__YOUR INSTRUCTIONS__:
Please set down exactly the lines of the listing below from the line containing "Предлагается 3-комнатная квартира" through the line containing "На  базе лагеря", both lines included, leaving out all other lines.

__PROVIDED RECORDS__:

++++++++++

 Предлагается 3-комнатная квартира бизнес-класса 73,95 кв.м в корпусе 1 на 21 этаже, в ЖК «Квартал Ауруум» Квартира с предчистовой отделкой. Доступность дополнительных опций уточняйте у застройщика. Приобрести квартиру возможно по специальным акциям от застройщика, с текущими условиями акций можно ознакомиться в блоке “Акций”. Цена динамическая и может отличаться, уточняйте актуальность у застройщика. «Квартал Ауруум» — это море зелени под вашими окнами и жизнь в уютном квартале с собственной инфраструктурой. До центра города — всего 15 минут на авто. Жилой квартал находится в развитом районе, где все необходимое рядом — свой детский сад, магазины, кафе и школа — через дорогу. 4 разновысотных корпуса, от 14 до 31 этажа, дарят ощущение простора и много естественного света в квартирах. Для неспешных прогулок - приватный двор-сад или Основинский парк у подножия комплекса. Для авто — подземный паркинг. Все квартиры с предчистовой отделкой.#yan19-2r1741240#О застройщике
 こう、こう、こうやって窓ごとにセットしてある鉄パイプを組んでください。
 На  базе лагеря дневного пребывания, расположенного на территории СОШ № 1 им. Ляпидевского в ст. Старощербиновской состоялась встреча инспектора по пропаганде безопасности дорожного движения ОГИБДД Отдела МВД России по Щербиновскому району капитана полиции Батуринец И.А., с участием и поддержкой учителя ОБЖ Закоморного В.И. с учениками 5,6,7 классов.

++++++++++

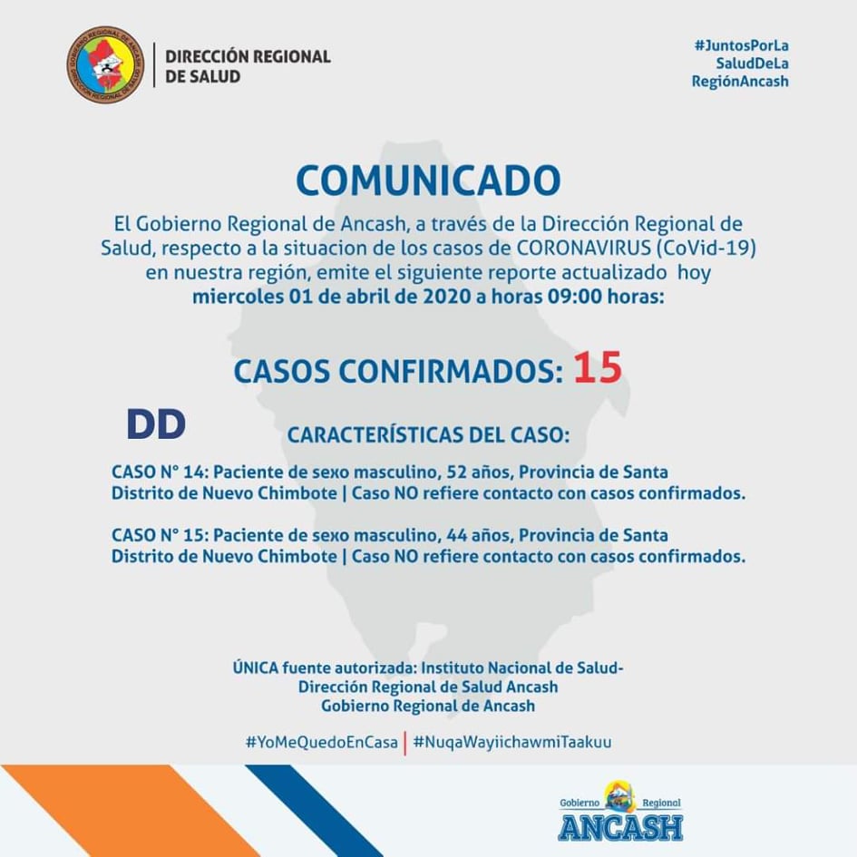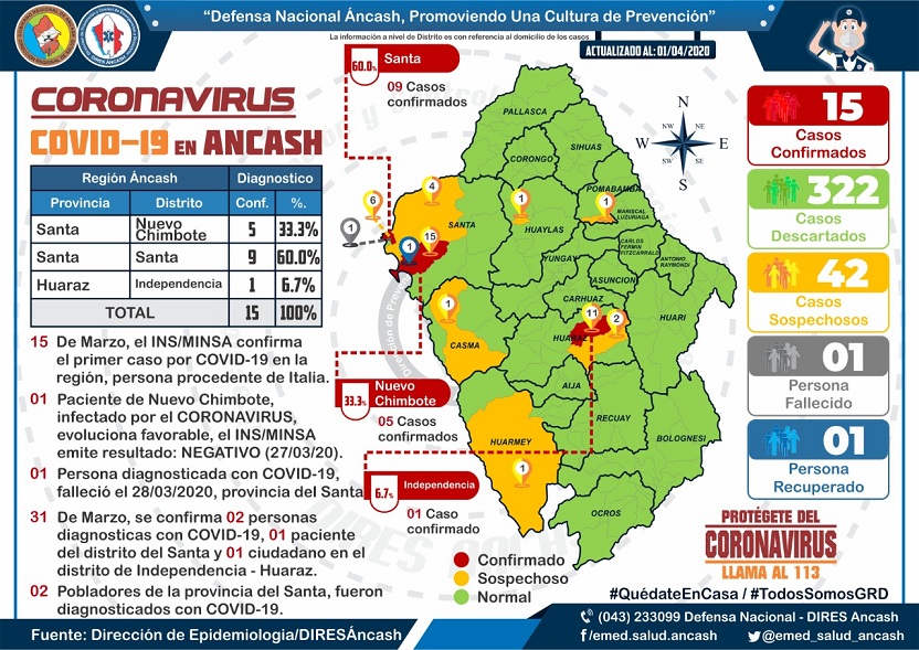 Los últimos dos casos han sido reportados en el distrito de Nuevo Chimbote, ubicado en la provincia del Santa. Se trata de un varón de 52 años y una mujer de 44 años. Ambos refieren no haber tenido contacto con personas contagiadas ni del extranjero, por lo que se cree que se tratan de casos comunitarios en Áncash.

++++++++++

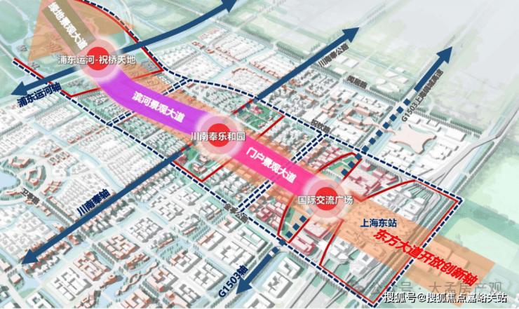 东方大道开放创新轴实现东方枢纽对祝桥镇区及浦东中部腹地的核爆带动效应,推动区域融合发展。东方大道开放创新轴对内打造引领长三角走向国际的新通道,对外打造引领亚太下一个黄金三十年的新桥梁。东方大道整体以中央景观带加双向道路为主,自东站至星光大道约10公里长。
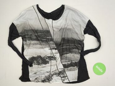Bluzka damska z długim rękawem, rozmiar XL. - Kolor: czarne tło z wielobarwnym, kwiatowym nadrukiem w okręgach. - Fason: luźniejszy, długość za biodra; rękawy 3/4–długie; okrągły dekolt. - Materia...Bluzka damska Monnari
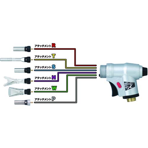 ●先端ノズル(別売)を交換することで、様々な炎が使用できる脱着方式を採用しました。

++++++++++

__OUTPUT__:
 Предлагается 3-комнатная квартира бизнес-класса 73,95 кв.м в корпусе 1 на 21 этаже, в ЖК «Квартал Ауруум» Квартира с предчистовой отделкой. Доступность дополнительных опций уточняйте у застройщика. Приобрести квартиру возможно по специальным акциям от застройщика, с текущими условиями акций можно ознакомиться в блоке “Акций”. Цена динамическая и может отличаться, уточняйте актуальность у застройщика. «Квартал Ауруум» — это море зелени под вашими окнами и жизнь в уютном квартале с собственной инфраструктурой. До центра города — всего 15 минут на авто. Жилой квартал находится в развитом районе, где все необходимое рядом — свой детский сад, магазины, кафе и школа — через дорогу. 4 разновысотных корпуса, от 14 до 31 этажа, дарят ощущение простора и много естественного света в квартирах. Для неспешных прогулок - приватный двор-сад или Основинский парк у подножия комплекса. Для авто — подземный паркинг. Все квартиры с предчистовой отделкой.#yan19-2r1741240#О застройщике
 こう、こう、こうやって窓ごとにセットしてある鉄パイプを組んでください。
 На  базе лагеря дневного пребывания, расположенного на территории СОШ № 1 им. Ляпидевского в ст. Старощербиновской состоялась встреча инспектора по пропаганде безопасности дорожного движения ОГИБДД Отдела МВД России по Щербиновскому району капитана полиции Батуринец И.А., с участием и поддержкой учителя ОБЖ Закоморного В.И. с учениками 5,6,7 классов.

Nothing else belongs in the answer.